*WHAT IS REQUIRED*:
Although the records contain pictures, print none of them; print exactly the lines from the one with "- 21/12/1988; Concert" through the last line.

•••

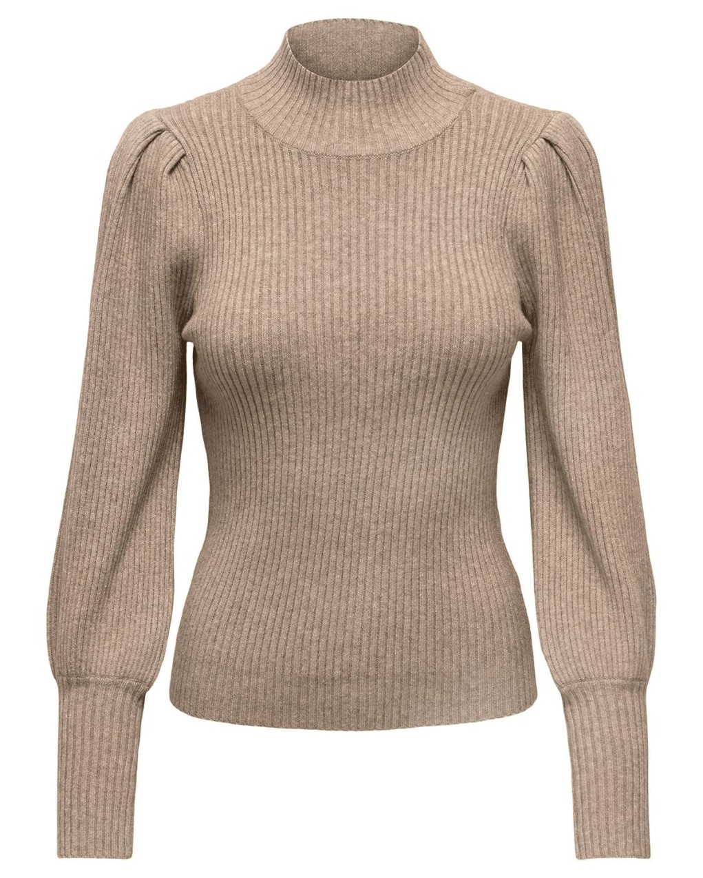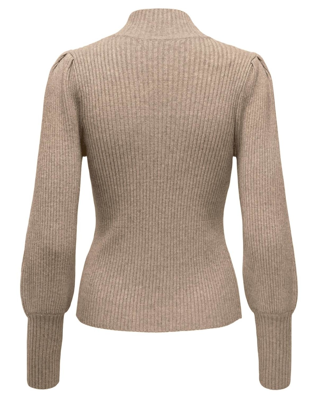 Maglia a costine con collo a lupetto, caratterizzato da maniche a palloncino dal volume ricercato e polsini aderenti. Realizzato in morbida lana, presenta una vestibilità aderente che esalta la silhouette. La lavorazione a coste verticali e il design sofisticato lo rendono perfetto per outfit sia casual che formali.
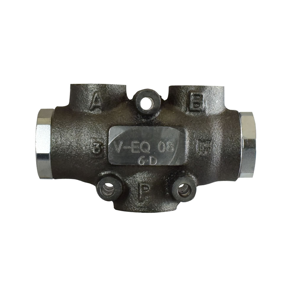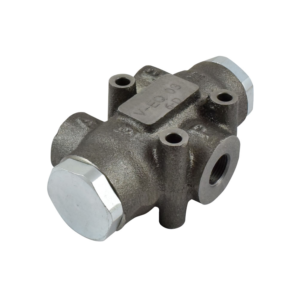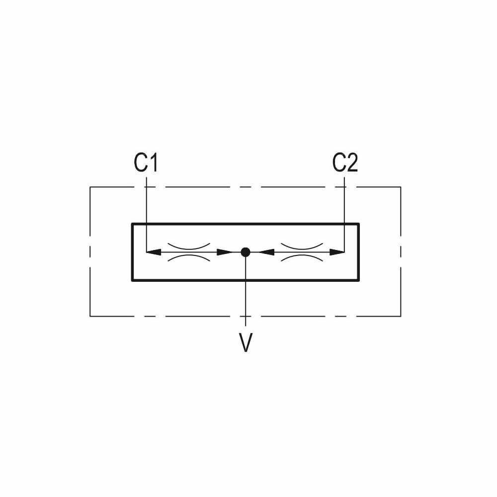 Dieses Stromteilventil teilt den eingehenden Ölstrom (V) in zwei gleich große abgehende Teilströme (C1 und C2) auf, unabhängig vom Lastdruck. Bei Änderung der Durchflussrichtung des Ölstroms werden die Teilströme (C1 und C2) wieder im gleichen Verhältnis addiert.
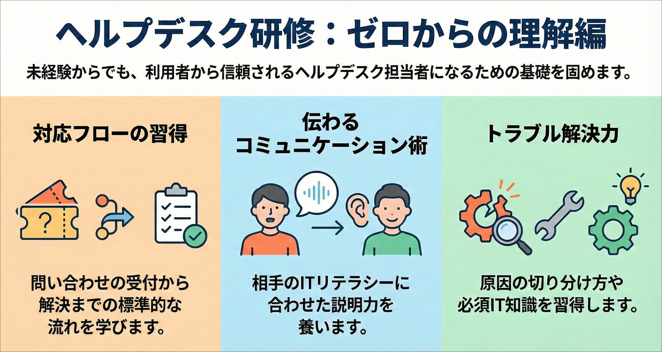 ヘルプデスクの役割理解からチケット管理、トラブルシューティング、IT基礎知識までを網羅し、円滑な問い合わせ対応を支援します。
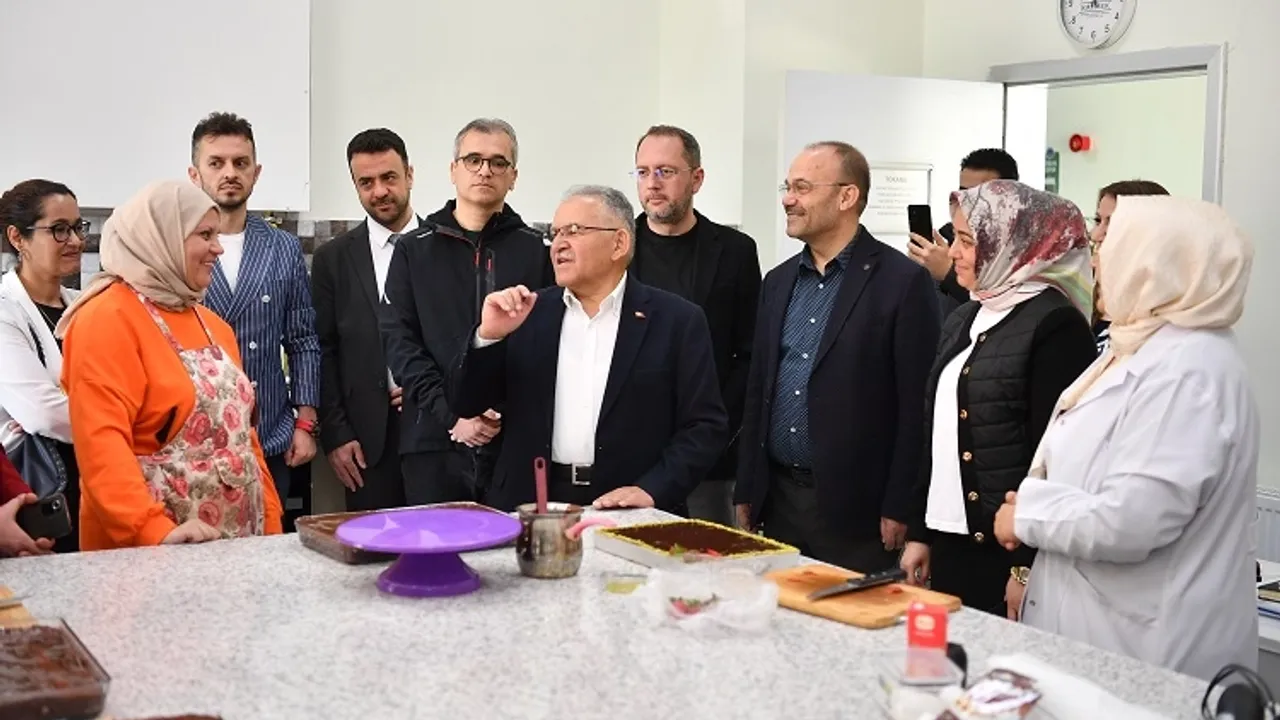Kayseri Büyükşehir Belediye Başkanı Dr. Memduh Büyükkılıç, KAYMEK tarafından gerçekleştirilen pasta yapımı kursunda mutfağa girerek, kursiyerlere bir araya geldi.KAYSERİ (İGFA) - Kayseri Büyükşehir Belediyesi’nin mesleki eğitim ve kültür faaliyetlerini gerçekleştiren kuruluşu Kayseri Mesleki Eğitim ve Kültür A.Ş. (KAYMEK), Kayseri’nin zengin gastronomi kültürüne sahip çıkmak adına önemli etkinliklerini sürdürüyor.
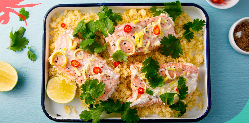 Ингредиенты: Нарезаем перец чили и лук-порей. Разогреваем духовку до 180 °C. Берем форму для запекания. Насыпаем в форму кускус. Солим и перчим по вкусу. Добавляем масло, сок и горячую воду. Нарезаем рыбу на кусочки. Посыпаем солью и перцем. Выкладываем на кускус. Сверху распределяем перец чили и лук-порей. Накрываем форму фольгой. Запекаем блюдо 20–25 минут. Перед подачей перемешиваем гарнир и украшаем петрушкой. Блюдо готово. Приятного аппетита! Источник: https://wildcrab.ru/news?id=2437
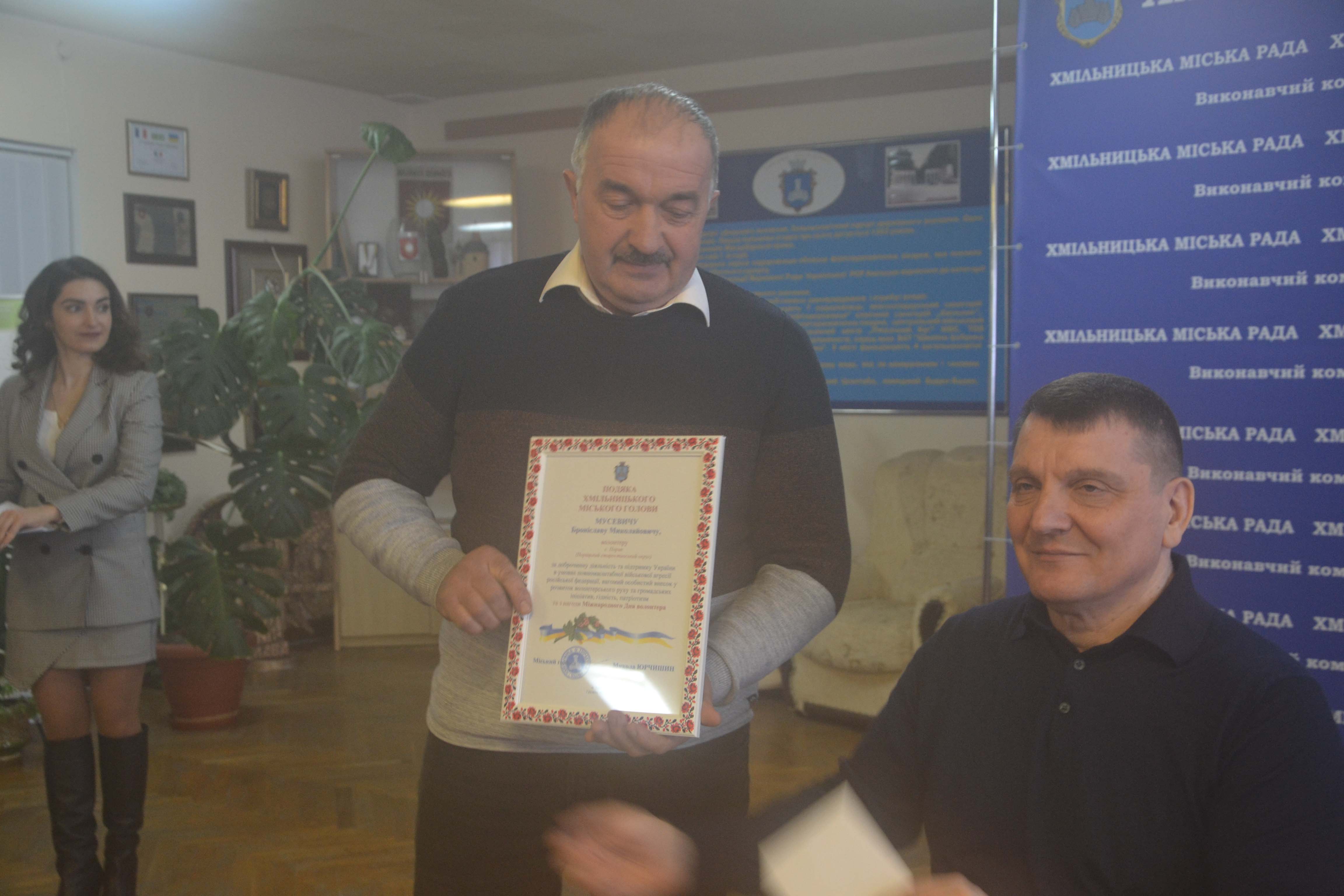 Сьогодні в Хмільницькій міській раді відбулось засідання Волонтерської ради. В ході засідання міський голова Микола Юрчишин привітав волонтерів Хмільника зі святом, подякував їм за жертовність і велику роботу для перемоги над окупантами та вручив Подяки, хмільничанам котрі з перших днів війни, присвятили себе волонтерству.
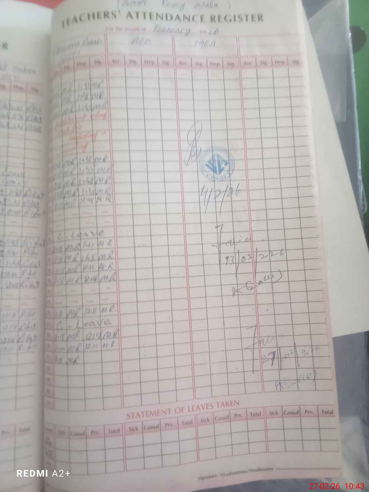 | Attendance Register | Head Teacher | MEA with School | Visit Proof |
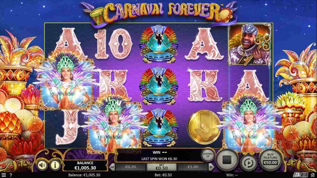A volatilidade do Carnaval Forever está definida em variação média. Isso impliPT que você pode esperar algumas vitórias no jogo, mas o valor da vitória pode não ser tão alto. Novamente, tudo isso é teórico e as coisas podem se tornar completamente diferentes quando você joga o jogo de verdade.
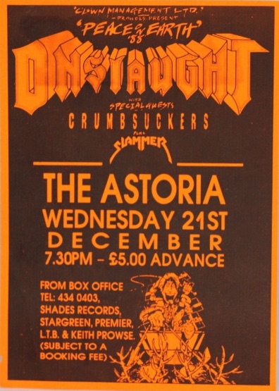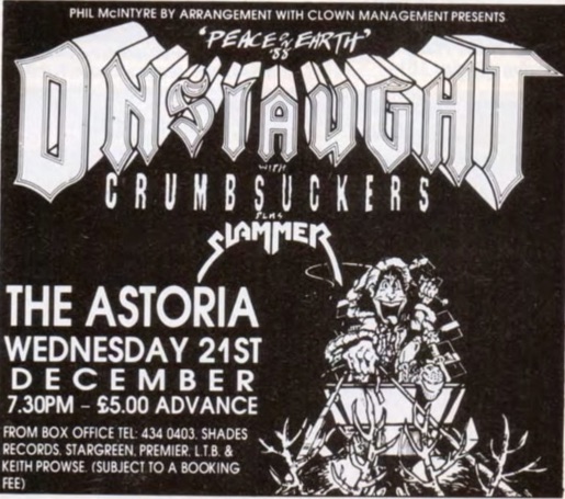 - 21/12/1988; Concert at The Astoria Theatre, London, England. opening for Onslaught & The Crumbsuckers.
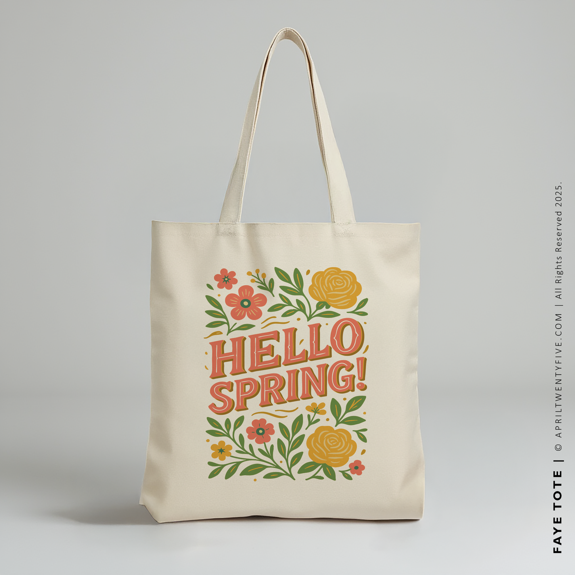 Looking for the perfect spring accessory? Discover the Faye Tote at AprilTwentyFive.com! This chic beige tote bag combines style and function, featuring vibrant floral designs and bold 'HELLO SPRING!' lettering that celebrate the season. Ideal for shopping trips or everyday essentials, this tote is a must-have for spring lovers. Designed with quality and charm, it's perfect for adding a touch of seasonal flair to your wardrobe. Shop now and embrace the joy of spring!
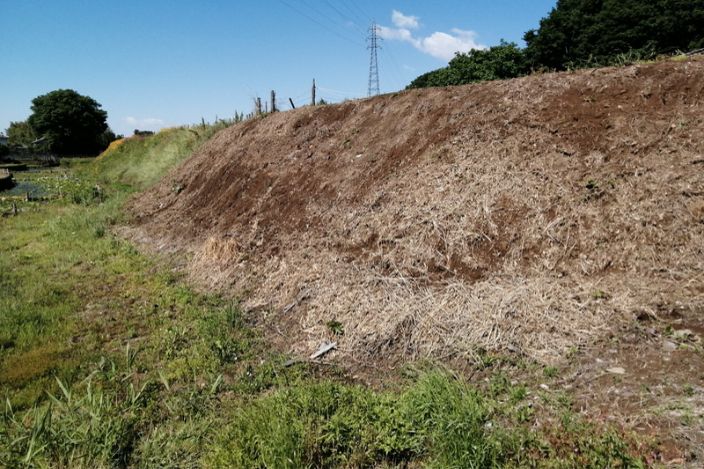 ここの現場は柔らかく崩れやすい土質だったので、客土※し、スコップ等で転圧作業もしました。
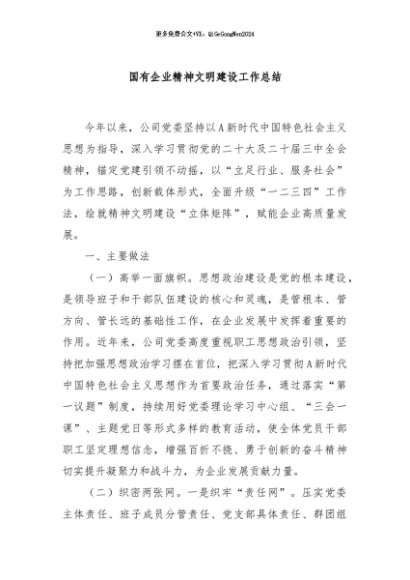 / 【七哥公文】2024年:国有企业精神文明建设工作总结+更多免费公文+VX:QiGeGongWen2024

•••

*SOLUTION*:
 - 21/12/1988; Concert at The Astoria Theatre, London, England. opening for Onslaught & The Crumbsuckers.
 Looking for the perfect spring accessory? Discover the Faye Tote at AprilTwentyFive.com! This chic beige tote bag combines style and function, featuring vibrant floral designs and bold 'HELLO SPRING!' lettering that celebrate the season. Ideal for shopping trips or everyday essentials, this tote is a must-have for spring lovers. Designed with quality and charm, it's perfect for adding a touch of seasonal flair to your wardrobe. Shop now and embrace the joy of spring!
 ここの現場は柔らかく崩れやすい土質だったので、客土※し、スコップ等で転圧作業もしました。
 / 【七哥公文】2024年:国有企业精神文明建设工作总结+更多免费公文+VX:QiGeGongWen2024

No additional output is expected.